Work order
Reproduce the material below line by line, beginning with its first line and ending with the line that contains "- Chic Turquoise-Blue"; leave out pictures.

Segment Start: Given data

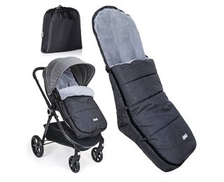 Saco para silla de paseo, ideal para mantener abrigado a tu bebé en los días fríos. - Exterior gris con detalles negros. - Interior gris y gris ocuro
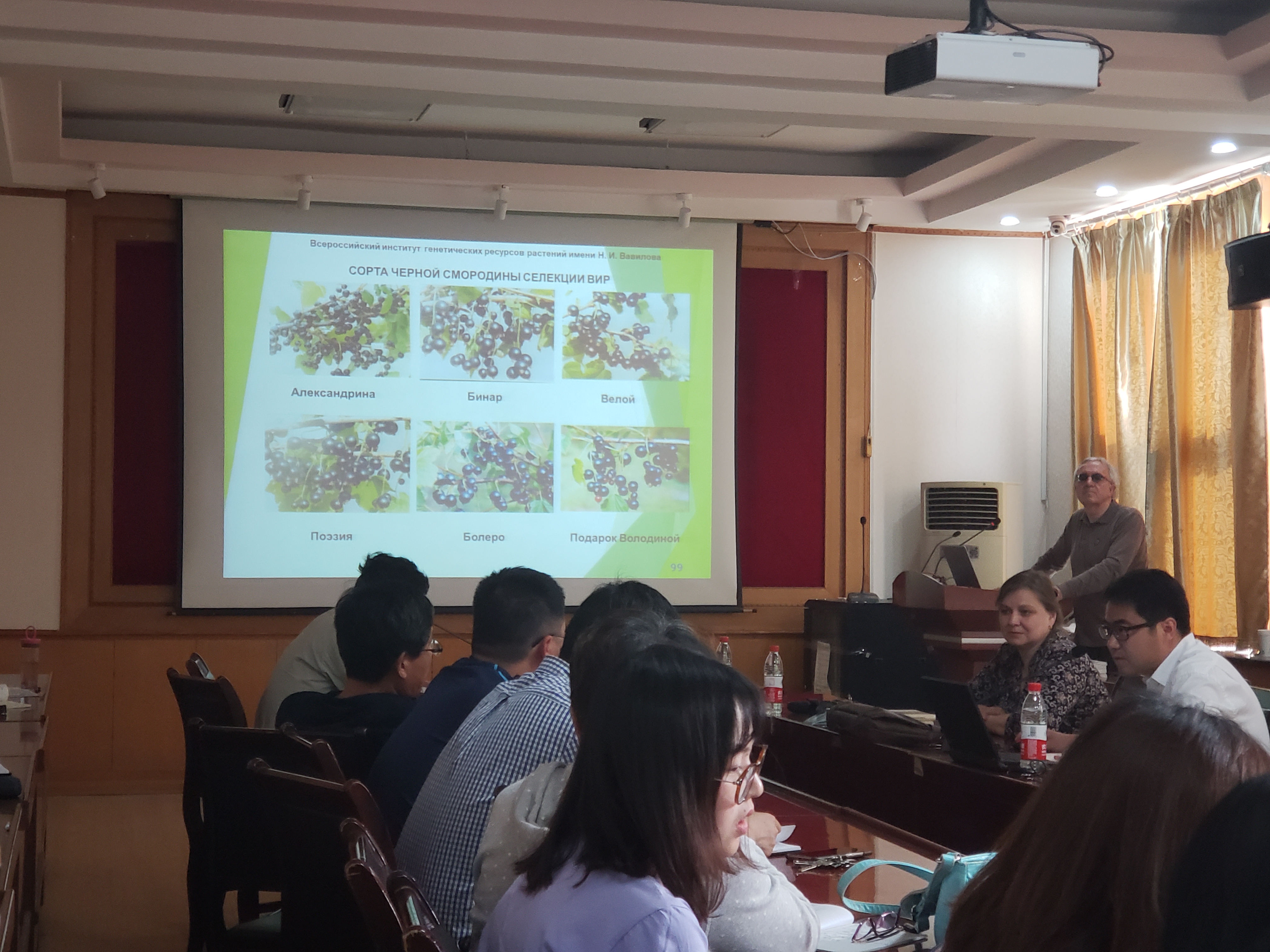 尼古拉•久班克的报告围绕瓦维洛夫作物资源展开,以世界植物遗传资源和它们的野生同族的重要引进方向作为概述,详细介绍了植物学、进化、系统发育学和植物分类、遗传、生理、生物化学免疫性、农业气象、分子生物学等方面新的基础理论知识,并在此基础上开发高效育种的工艺,图文并茂地讲述了高效育种工艺对当代生产生活的重要意义,同时对我校育种工作表现出极大兴趣,并欢迎资环研究生们前往瓦维洛夫全俄植物遗传资源研究所交流学习。
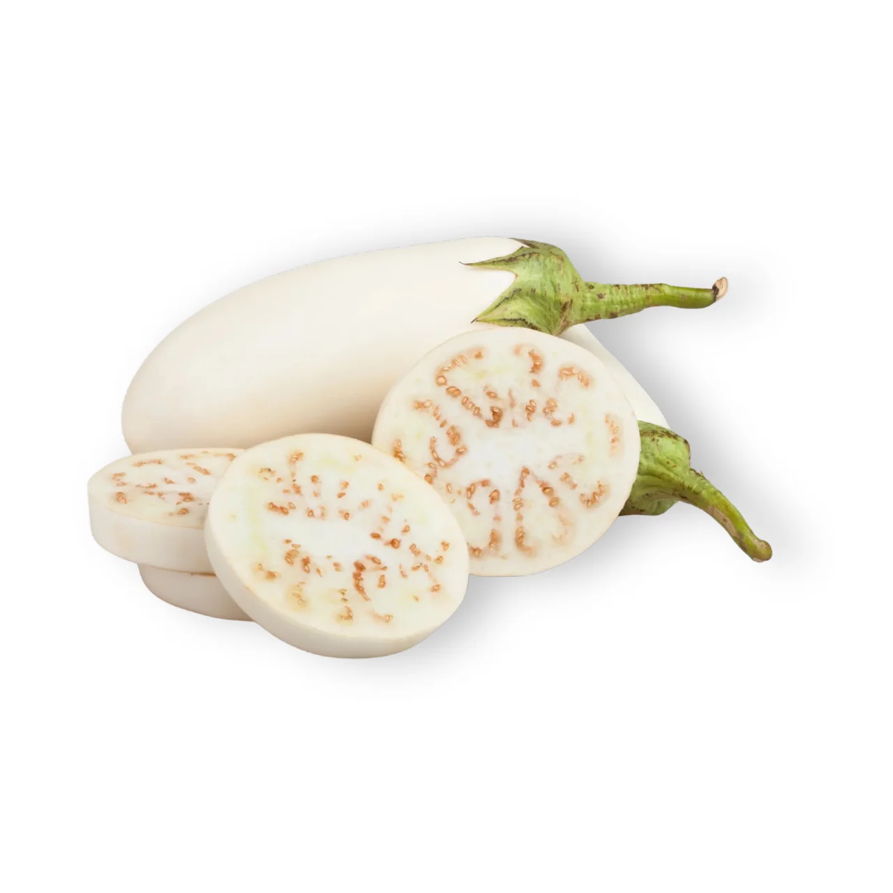 La berenjena blanca (Solanum melongena) es una variante de piel clara y carne muy suave. Destaca por su baja acidez y su excelente rendimiento en cocina, siendo ideal para recetas ligeras y cremosas.
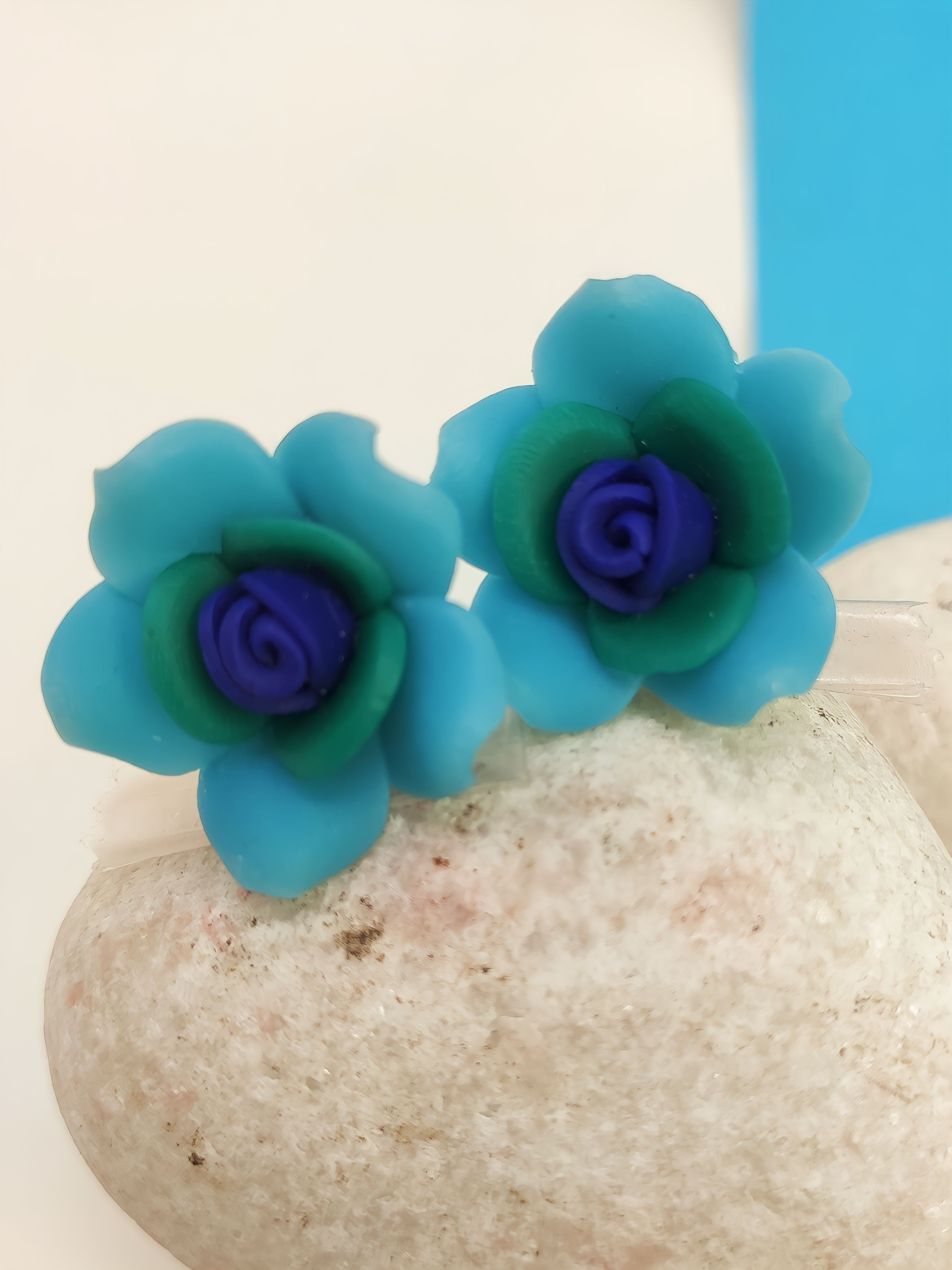 - Chic Turquoise-Blue Rose Earrings: Handcrafted Glamour for Trendy Seniors, Women & Girls
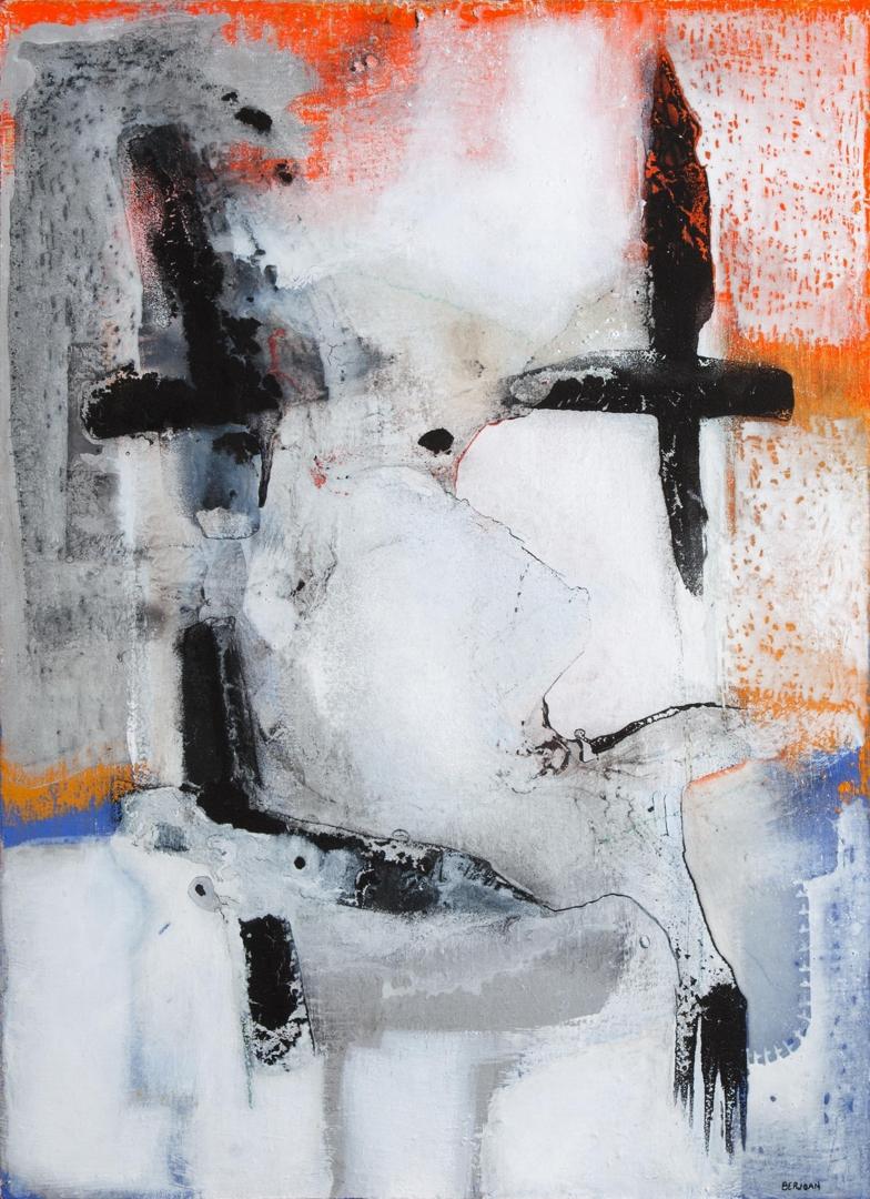On est tout d’abord intéressé par le rythme qui les anime puis le regard se familiarise avec les images insolites évoquées dans l’ampleur d’une touche gestuelle architecturant l’espace et la couleur ou le noir jaillissent. C’est l’impressionnant « Commencement », une masse noire allégée par quelques traces d’orangé, de gris, une composition presque tactile.
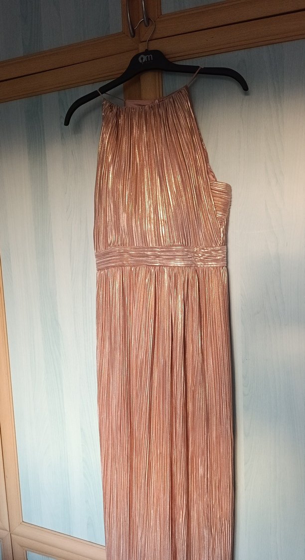 Parlak dore,kendinden pileli kumaştan,, uzun boy abiye elbise. Bohem ve şık tarzıyla partiler ve özel günler için ideal. ✨kendi içinde astarlı ve balenli..
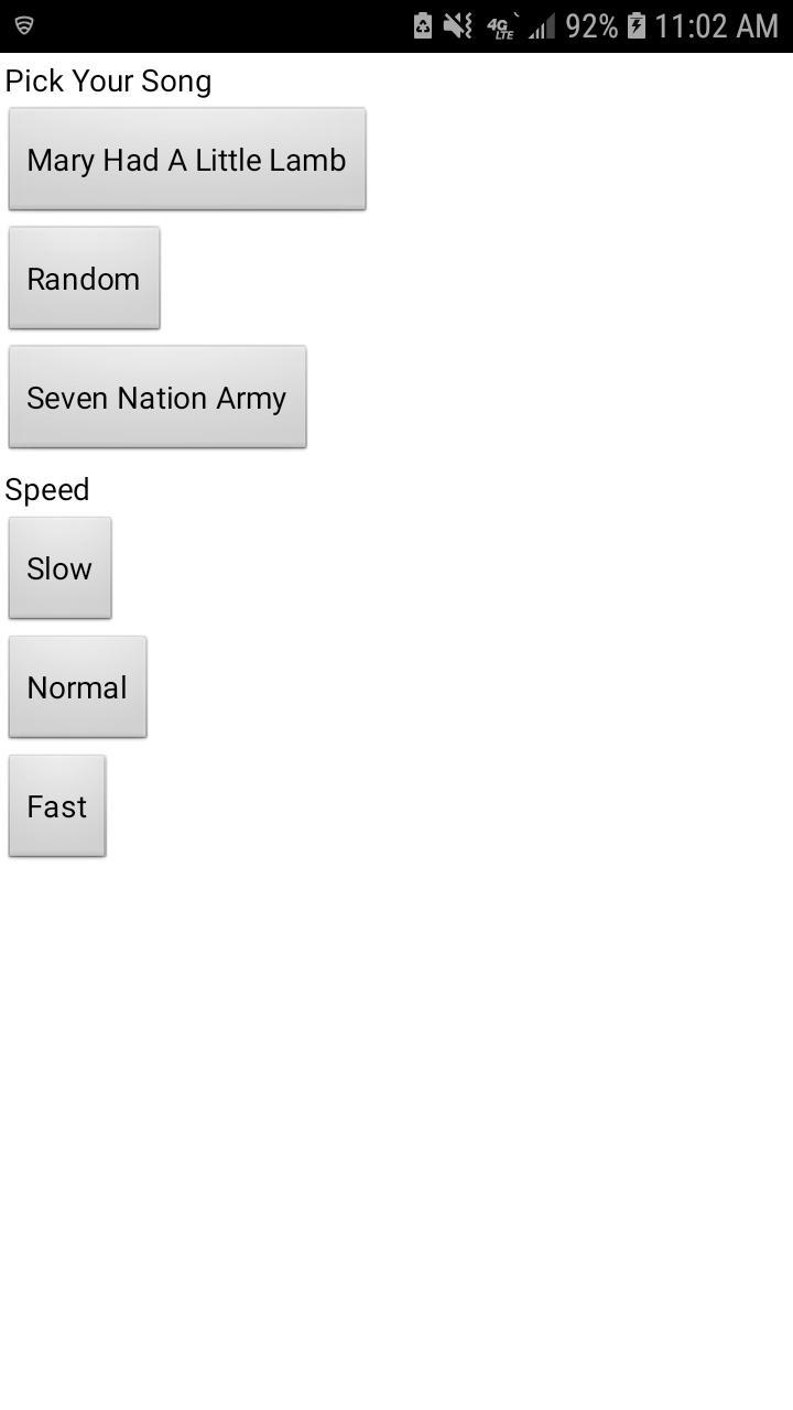 In this game you can tap the falling notes to play your favorite songs. So far we have Seven Nation Army and Mary Had a Little Lamb and a crazy random mode.
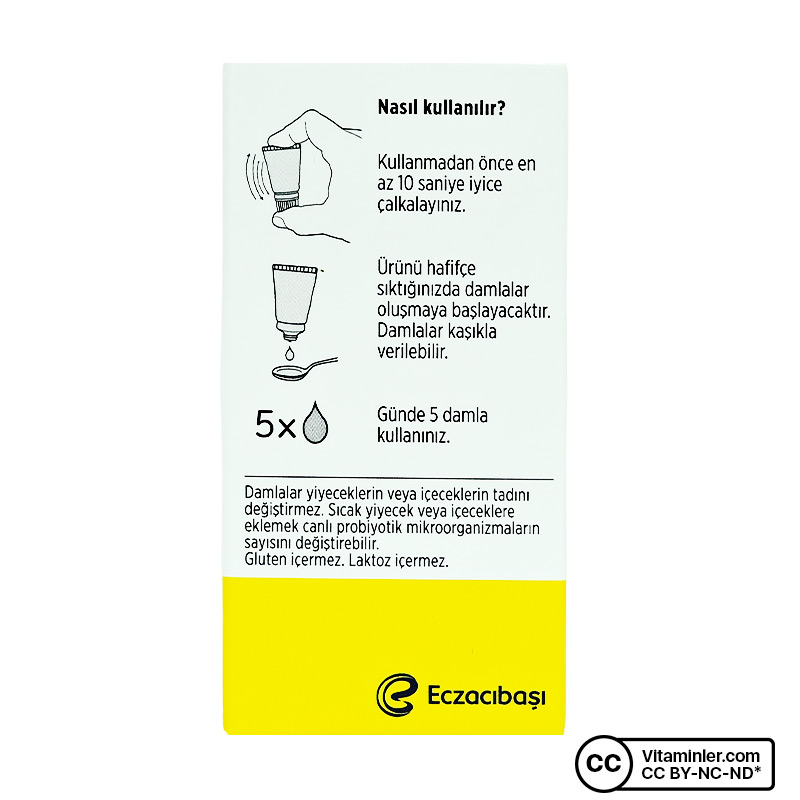 - Damlalar kaşıkla verilebilir. Damlalar yiyecek ve içeceklerin tadını değiştirmez.
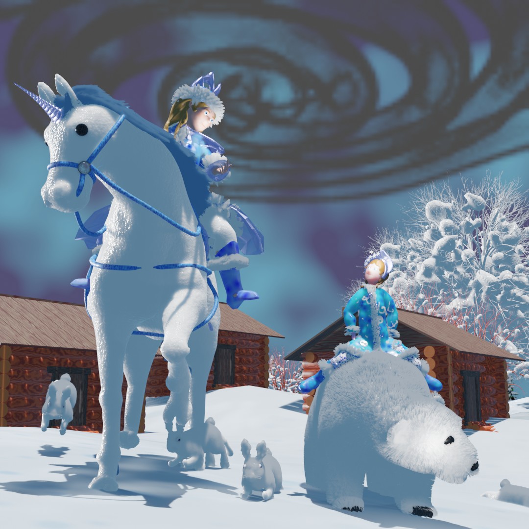 Снегурочка вскочила на лошадь. В довершении всего она погладила животной по гриве, и на лбу лошади вырос длинный витой рог, а глаза увеличились, становясь немного мультяшными.

Segment End: Given data

Answer section
 Saco para silla de paseo, ideal para mantener abrigado a tu bebé en los días fríos. - Exterior gris con detalles negros. - Interior gris y gris ocuro
 尼古拉•久班克的报告围绕瓦维洛夫作物资源展开,以世界植物遗传资源和它们的野生同族的重要引进方向作为概述,详细介绍了植物学、进化、系统发育学和植物分类、遗传、生理、生物化学免疫性、农业气象、分子生物学等方面新的基础理论知识,并在此基础上开发高效育种的工艺,图文并茂地讲述了高效育种工艺对当代生产生活的重要意义,同时对我校育种工作表现出极大兴趣,并欢迎资环研究生们前往瓦维洛夫全俄植物遗传资源研究所交流学习。
 La berenjena blanca (Solanum melongena) es una variante de piel clara y carne muy suave. Destaca por su baja acidez y su excelente rendimiento en cocina, siendo ideal para recetas ligeras y cremosas.
 - Chic Turquoise-Blue Rose Earrings: Handcrafted Glamour for Trendy Seniors, Women & Girls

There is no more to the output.